In our database, for any grant we report "Related Projects" that are renewals of ongoing projects from individual investigators. We wanted to improve this by identifying "Related Projects" more generally in which we group different grants based on the text in the abstract.
We analyzed the similarities of 2013 NIH grant abstracts with lengths of at least 100 words (disregarding the public health relevance statement). For each abstract in the resulting collection of over 50,000, we calculated the frequency of each word. The similarity of different abstracts was evaluated in pairwise manner by comparing word frequencies. We then used cluster analysis to identify abstracts with the most similar word content, finding that there were over 500 of cases (~1%) of abstract pairs with highly similar text. Note that for this analysis we removed any grants that had identical project numbers or absolutely identical text, therefore reducing the number of false positives.

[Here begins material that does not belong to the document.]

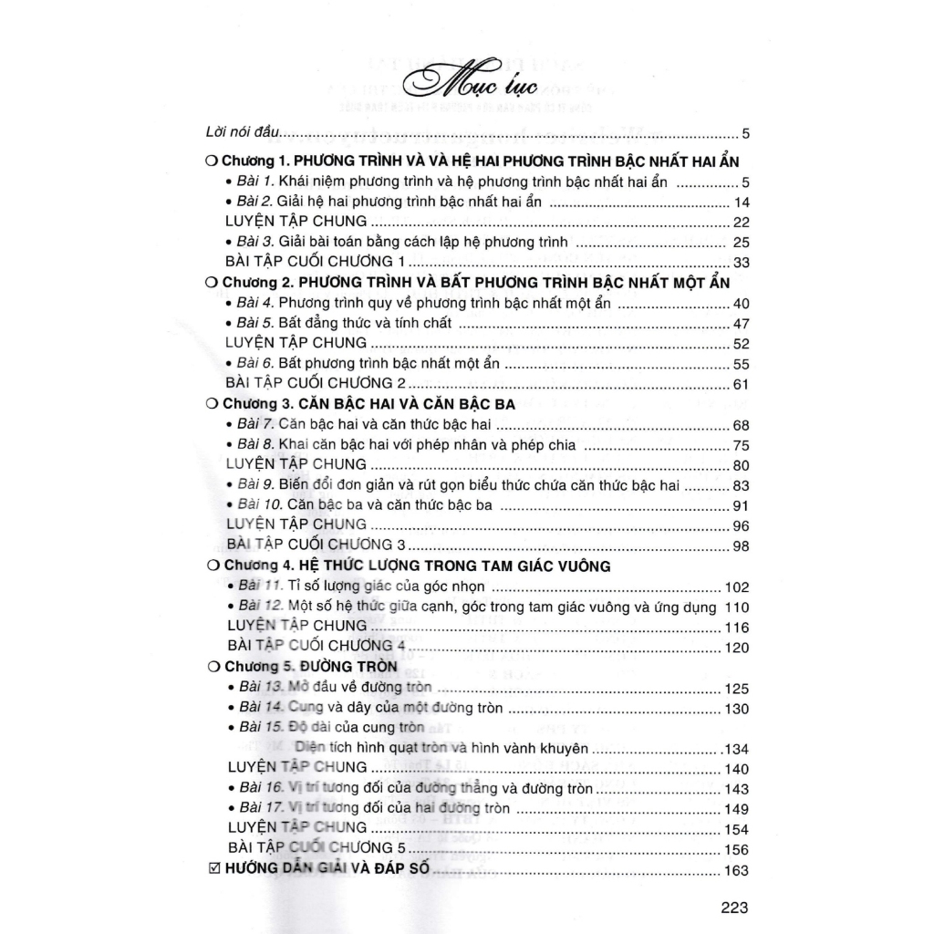 1. Nội dung sách tổng ôn toán học lớp 9 Tập 1 gồm 4 chương: - Chương 1: Căn bậc hai, căn bậc ba. - Chương 2: Hàm số bậc nhất. - Chương 3: Hệ

We show the results in the interactive plot above. Each orange circle represents a cluster of grants with similar abstract text, where each grant within the cluster is represented by a grey circle with a size proportional to the monetary value of the award. Clicking on the orange text will take you to our search tool that reveals detailed information for all grants within the cluster. Some of this information is available in the plot itself, where clicking on any orange circle reveals the title of the grants, and further clicking on the title displays the associated abstract.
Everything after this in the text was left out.